The latest RFC that replaced it, RFC 4514, states it this way, which is
a bit clearer:

  Otherwise, the output consists of the string encodings of each
  RelativeDistinguishedName in the RDNSequence ..., starting with the
  last element of the sequence and moving backwards toward the first.

Why the last RDN first?  Could be to see the CN immediately, which
usually identifies the actual entity.

What you see in OpenSSL is the physical representation in the ASN.1
encoding of the certificate, i.e. the RDNs in their actual order in the
RDNSequence.  We follow the same principle in strongSwan when logging
and parsing DNs.

> So technically, when we expect one, receiving the other order would be
> wrong.
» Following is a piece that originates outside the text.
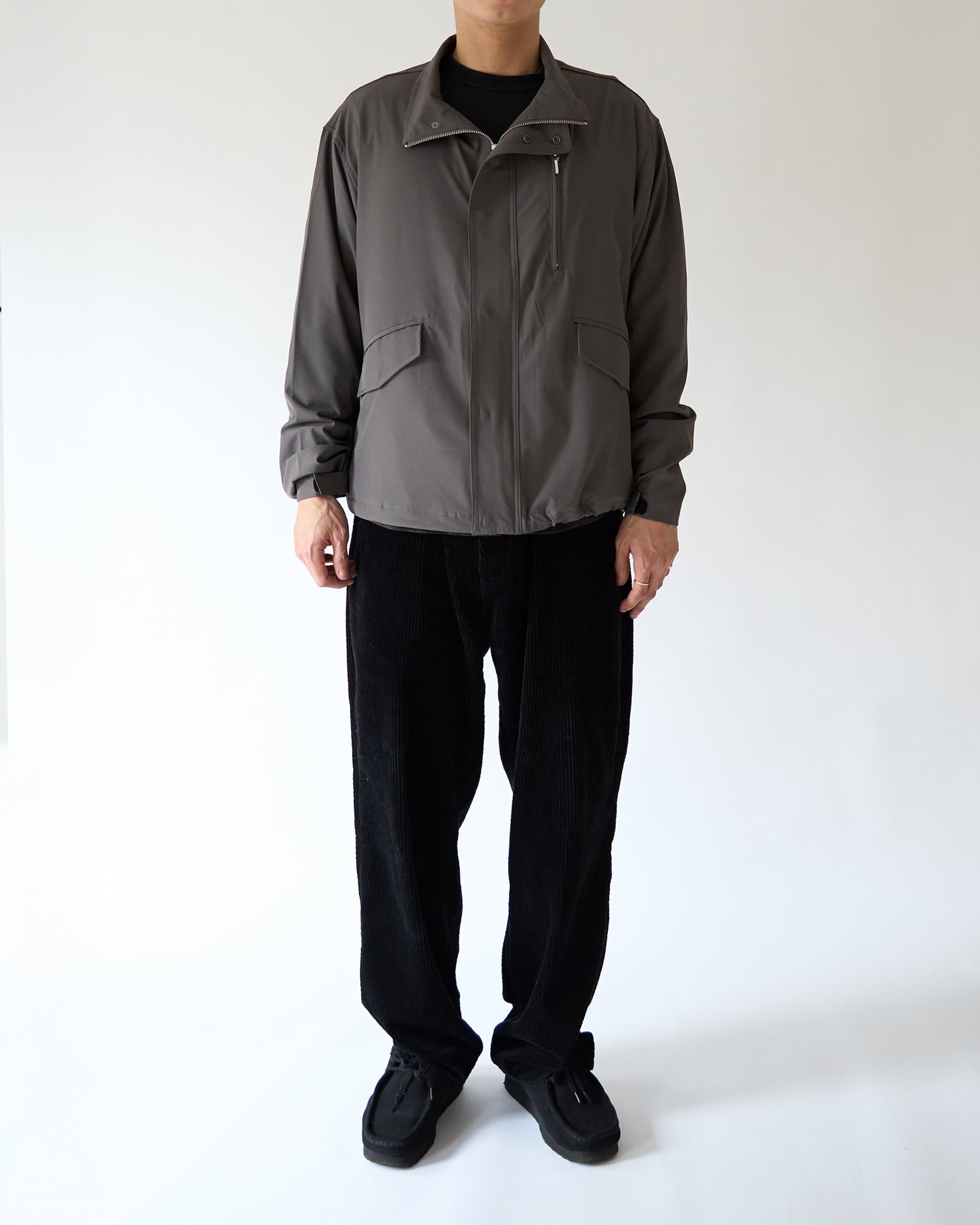 フランス軍のM-64フィールドジャケットをベースに、現代的なバランスで再構築したスタンドカラージャケット。

So should we really do matching based on the same order of RDNs.
> What do other implementations do?

In strongSwan we have an option (charon.rdn_matching) that allows
changing how DNs in certificates are matched against configured IKE
identities.  It defaults to 'strict', which results in what RFC 5280
describes, i.e. all RDNs have to match in the same order (wildcards to
ignore the values of RDNs are always allowed).  With 'reordered', all
RDNs have to be there, but their order doesn't matter.  Finally, with
'relaxed', the certificate's DN may additionally contain RNDs that are
not configured, which are then treated like wildcards.  For example,
with 'relaxed' you could configure

  CN=server

which would be the same as configuring

  C=*, ST=*, L=*, O=*, OU=*, CN=server

which matched both certificates with 'relaxed' and 'reordered' but only
one with 'strict'.

Using 'reordered' and 'relaxed' causes some overhead (memory and
runtime) so 'strict' continues to be the default.